Ozzily Yours

Thursday, August 25, 2011

In Which I (Irritatingly, I'm Sure) Insist on Comparing a Film to Its Source Material

I am white. Hella white. Polar bear in a snow storm white. I also undeniably come from a place of privilege. That all adds up to a whole lot of white guilt. (You know the type - I recently second-guessed my own AWESOME actor ID because the actor in question was black and I suddenly feared that I was assuming they all looked the same.)

With all that in mind, I was hesitant to read The Help back when everyone was talking about it. I mean, here I am, a privileged white woman, I wouldn't begin to say that I could approximate the African-American point of view even now, let alone in the '60s. So why did I want to read a book that tried to do just that, written by a privileged white woman, about a privileged white woman writing a book about the African-American point of view??? (Man, that's a convoluted sentence.)

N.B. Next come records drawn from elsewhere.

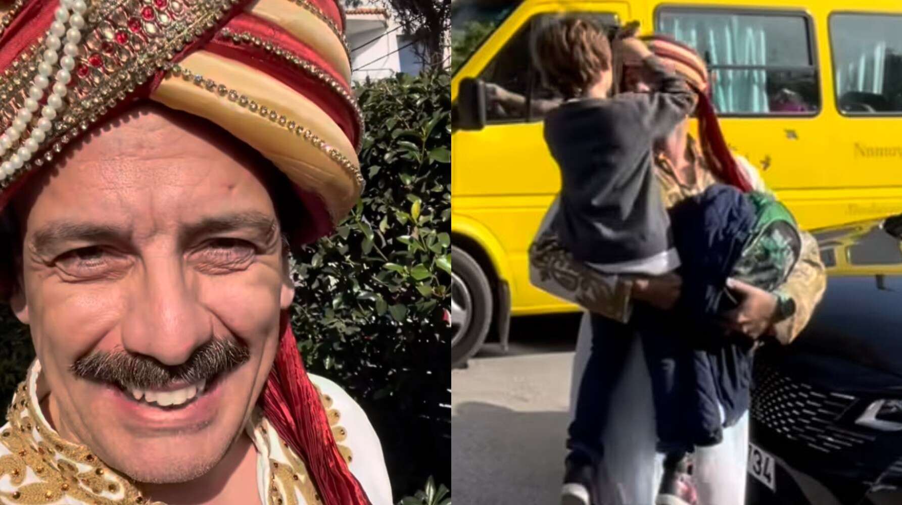 Αυτός ήταν ο λόγος που οι διαδικτυακοί του φίλοι ξαφνιάστηκαν όταν πριν μερικές ώρες, ο αγαπημένος τους, Τόνι Σφήνος, ανήρτησε βίντεο που τον δείχνει ντυμένο μαχαραγιά, όσο περιμένει να παραλάβει τον έναν από τους δύο γιους του.
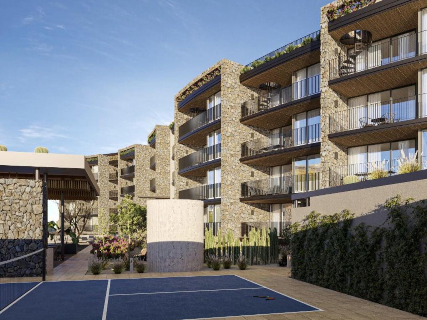 Residents enjoy resort-style amenities, including a heated semi-Olympic pool, fully equipped gym, yoga deck, spa and wellness area, pickleball court, ludoteca, business center, fire pit, and jacuzzi.
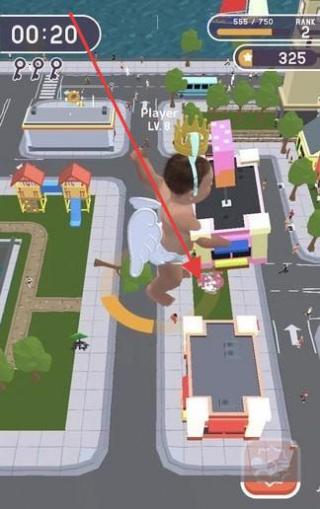 2、游戲中角色在城市上空飛行,通過移動操控(如箭頭指引方向),收集場景中的物品(如粉色花朵圖標(biāo))。
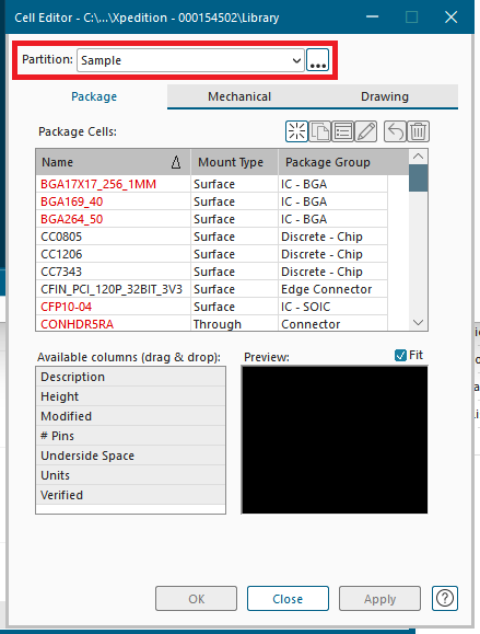 2-2. Cell Editor 창에서 Partition 드롭다운 목록을 Sample로 설정합니다.

But eventually, I succumbed to curiosity, and I found The Help extremely compelling. Sure, I've still got issues with the idea that this is what it took to get this story told... but I'm glad the story got told.

I was intrigued, but not surprised, when I heard about the film version. And I had definite issues with the casting (sure, I adore Allison Janney as much as anyone, and yes, Emma Stone is adorable - but the idea of Ms. Stone portraying the tall, awkward, graceless Skeeter with Ms. Janney as her former-beauty-queen-southern-belle mother? Erm, no). So I decided I had to check it out.

And I came away with renewed appreciation for Kathryn Stockett's book. Because what I vividly remember from it that the film simply did not portray was the absolute mistrust that the maids had for white people (which many of their white employers were completely unaware of), and the abject fear they felt - the understanding that, given they right (or wrong) circumstances, they could literally die for a single misstep. Which made the idea of their willingness to participate in a tell-all regarding the treatment of house staff in Jackson, MS truly an act of courage.

Tate Taylor's film was quirky, precious, comical, and occasionally included footage of both whites and blacks reacting to an offscreen act of violence perpetuated upon a national figure. There was none of the urgency that I imagine truly ignited the civil rights movement, none of the fear. It is true that Viola Davis was (as always) extraordinary, and many other performances were equally memorable (though, still... Emma Stone and Allison Janney? no). But I was disappointed by what was stripped away, and that what remained was so very very lightweight.